Much of my inspiration for this first entry comes from a book I just read- Julie and Julia by Julie Powell. While her blog focused on her attempt to cook all the recipes in Julia Child's Mastering the Art of French Cooking within a year, her book and the resulting movie is an interesting example of the intersection between history, social memory, and blogging. As Powell progresses through the book, she finds that her life is transformed by a woman that lived and worked in a world fifty years ago. Child becomes her companion and mentor, taking on life in a modern, New York kitchen and helping a young woman turn her life around. At the end of the book, Julie hears that Child commented negatively on her blog and is, naturally, a little disappointed. But after some reflection she writes that "maybe if I met that Julia I wouldn't even like her. But I liked the Julia in my head- the only one I really knew, after all- just fine." She and her husband even end the project with a visit to the Julia Child exhibition in Washington, DC.

As a new student of Public History I of course got excited that the final touch to the Julie/Julia project was a visit to a museum. But I think for many, museums and other heritage sites are places of tribute where we can attach something tangible to the feeling that history has inspired or changed us in some way.
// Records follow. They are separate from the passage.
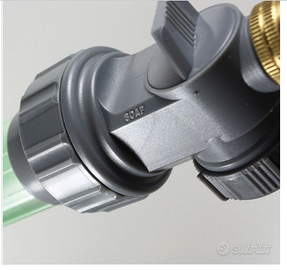Il dispenser di sapone UNGER HiFlo è la soluzione pratica per i parabrezza molto sporchi. Mescola il sapone all'acqua pulita ed è facile da riempire. Può essere collegato a qualsiasi tubo da giardino standard.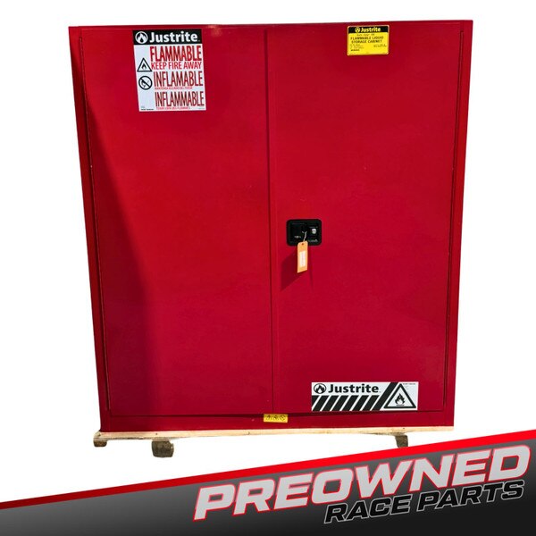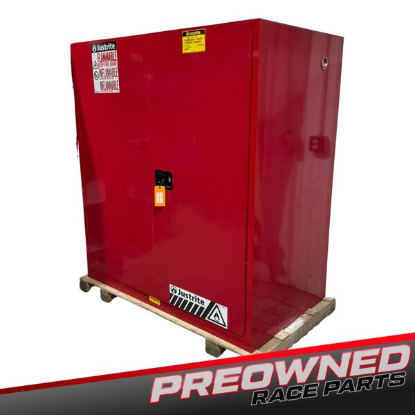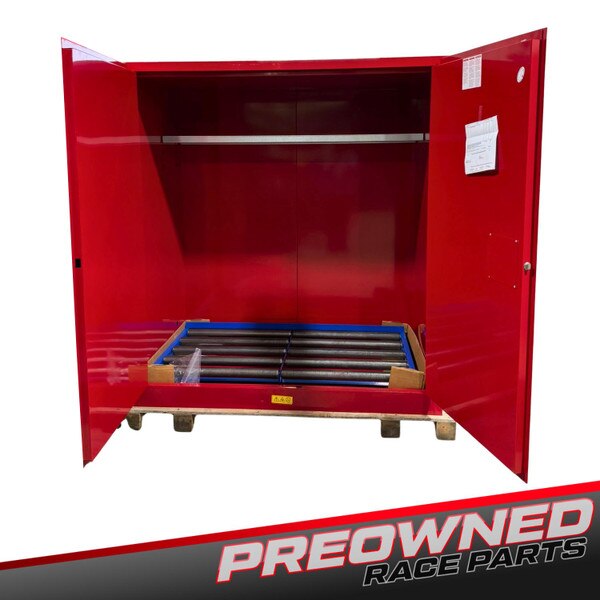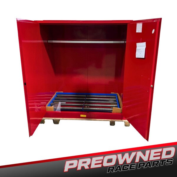 This Used 115 Gallon Vertical Drum Storage Cabinet provides a rugged, fire-resistant enclosure for storing a single vertical drum plus accessories and small containers. The manual-close, two-door design and heavy-duty steel construction make it a reliable choice for shops, race facilities, warehouses, and maintenance operations that handle flammable liquids.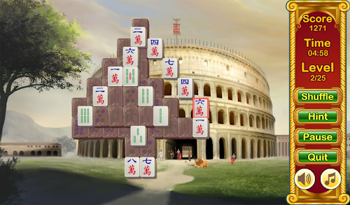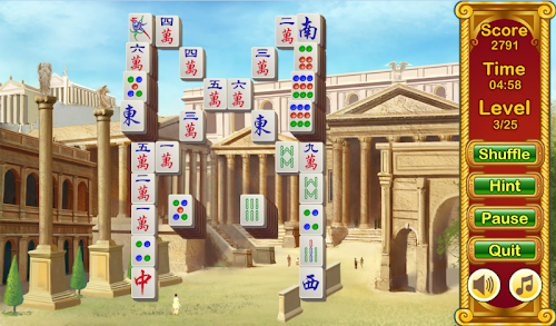 Discover Ancient Rome in this beautifull Mahjong Solitaire game. Play the game with in the background the Colloseum, The Roman Forum, Castel Sant'Angelo and Circus Maximus. Remove all tiles to advance to the next level.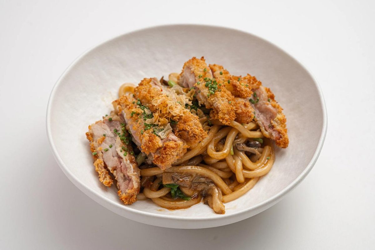 удон с панированной куриной грудкой, бульгоги, вешенками и овощами, заправленный соусом терияки и сливочным маслом, с хрустящими чесночными чипсами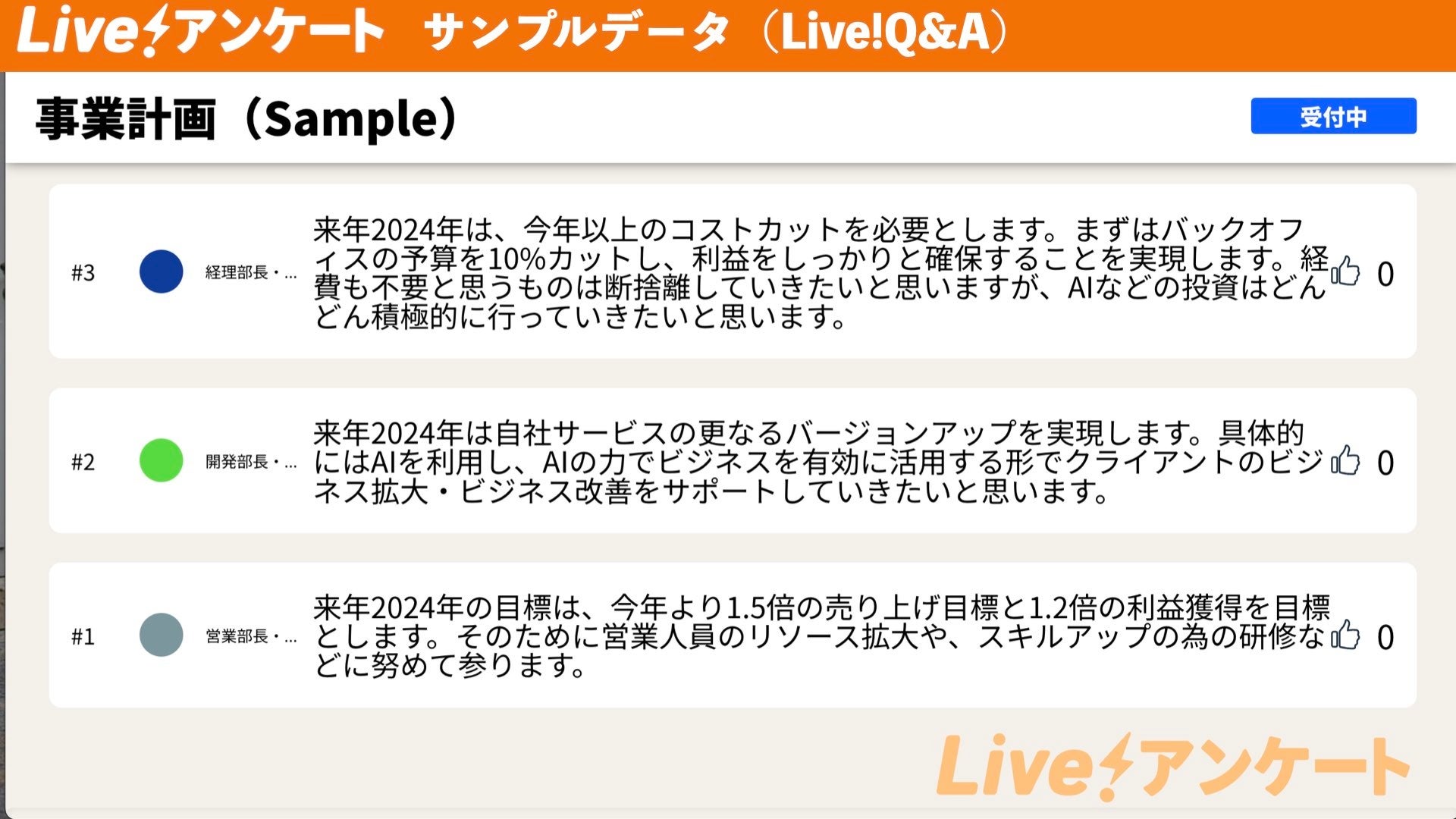 Live!アンケートに寄せられたフリーコメント(Live!Q&A)において活用が可能となります。

History had lived within Julie's kitchen and in visiting Julia Child's own, she was reaching back.

This, to me, is Public History: it does not necessarily need to be read, or listened to, or watched, but it does, I think, require an experience. A connection with the past that may be as unique as hearing the voice of Julia Child as you cook; as profound as standing at the Vimy Ridge memorial and tasting the mud and sweat and fear; as lighthearted as watching Monty Python and the Holy Grail and thinking, hey, I wonder if they have something with that witch scene...

You know this is where history happened and that you, somehow, have become a part of it and it you.